Sunday, March 12, 2006

Something about keeping it real and approval needs

Warning: This is a stream of consciousness piece. Read at risk of becoming as confused as I know I am.

I think it is a pretty basic human need to feel approved of. We obtain great strength of character when we make choices and behave in ways that allow us to truly approve of ourselves and feel approved of God. But very frequently people seek out the approval of other human beings and too frequently throw away or suppress their own identities in the attempt. Unfortunately for such people this strategy almost never works. A couple of particular examples come to mind.

A few years back I had a job in my church where I had some leadership or oversight of the Sunday Schools of a group of nine congregations. In those days I visited to observe lots of Sunday School classes with the intent of advising the teachers on ways of improving their classes. Ultimately I did not visit to say if the class was good or bad, I was just interested in making suggestions for improvement. In all but one or two of the observations I noticed the teachers behave in ways that suggested to me they were trying to get my approval or at least deflect my criticism. It was always fascinating to see what the teachers thought my expectations were for their classes. Where I was interested in content, participation, and discussion the teachers always apologized for how noisy the kids were, how fidgety they were, or in general how well behaved the kids were. Frankly, I didn’t care about these things much. There was no violence or trauma. And however talkative they were, the kids were almost always respectful enough for the teacher to give a lesson, and almost always came away demonstrating that they had listened to and gotten something from it. In other words the teachers would feel like they needed to put on a show. But the shows they would choose were things I didn’t really think were all that important.

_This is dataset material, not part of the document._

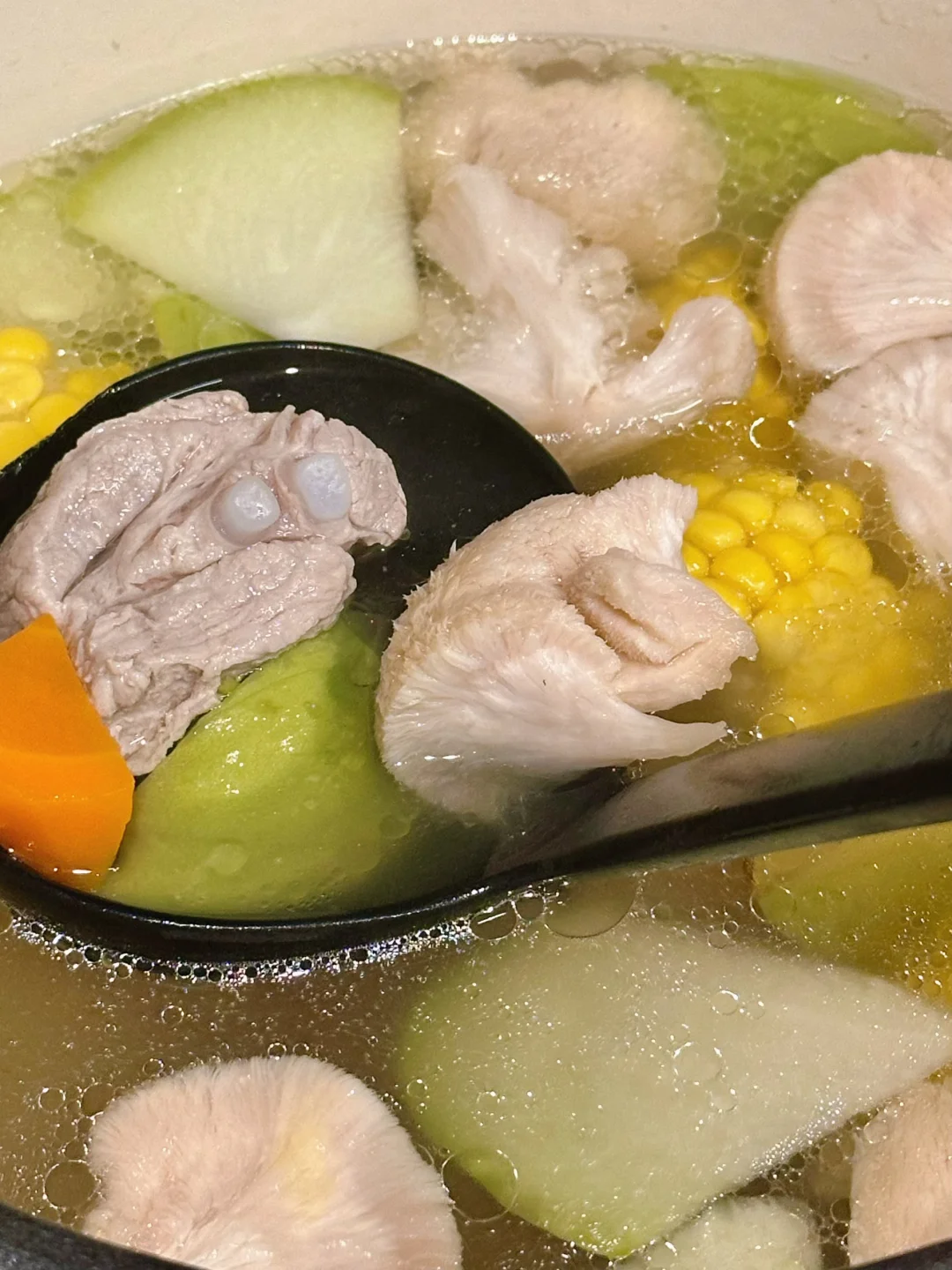 缺德舅这次的很给面子,非常优秀(拉踩一下猴父子有时候反而品质一般般)。没什么苦味,释放淡淡的清香和鲜味,而且很有肉感又吸饱了汤汁,咬下口感非常棒。还搭配了佛手瓜,胡萝卜和玉米,增加一点自然的甜味,在这个降温的秋天吃就很润很舒服。

Another example that comes to mind was the interaction I observed recently between a student and his family. In the presence of “other people” they talked, and laughed, and joked a little too much as if to show that they were a nice normal family. The reality was that in paying close attention one would notice that it was highly superficial. They would say things that demonstrated a great deal of factual knowledge of one another and an absolute obliviousness to each other’s states of mind, emotions, and inner-selves. It was much like I would imagine a high school reunion with a bunch of people talking to people they hated about old-times of misery with pasted on smiles and forced laughter, all the while people really just wanting to either leave or cut their wrists. In the case of this family it was easy to see the parents continually asserting or superimposing some fabricated identity on the student whose inner world and self-perception they hadn’t the slightest clue of. It was as if they were saying, “Oh, we know who you are.” and pointing at a caricature that was more a compilation of their demons than depiction of the student. Meanwhile the student was clearly torn between trying to be that caricature for the sake of playing along and wanting to rain down fire to assert his own existence. I shudder at the idea of being so unable to identify myself. I hope this student can discover himself soon.


2 comments:

Holy Mother Eph said...

Sometimes I think people want things to be a certain way so badly, even though in reality they are not or they fall short, so they just pretense(can I use that as a verb?) to cope with the deficiency.

Anonymous said...

I totally agree with this post. Especially when you say "We obtain great strength of character when we make choices and behave in ways that allow us to truly approve of ourselves and feel approved of God."

That just rings so true in my eyes. Rock on man.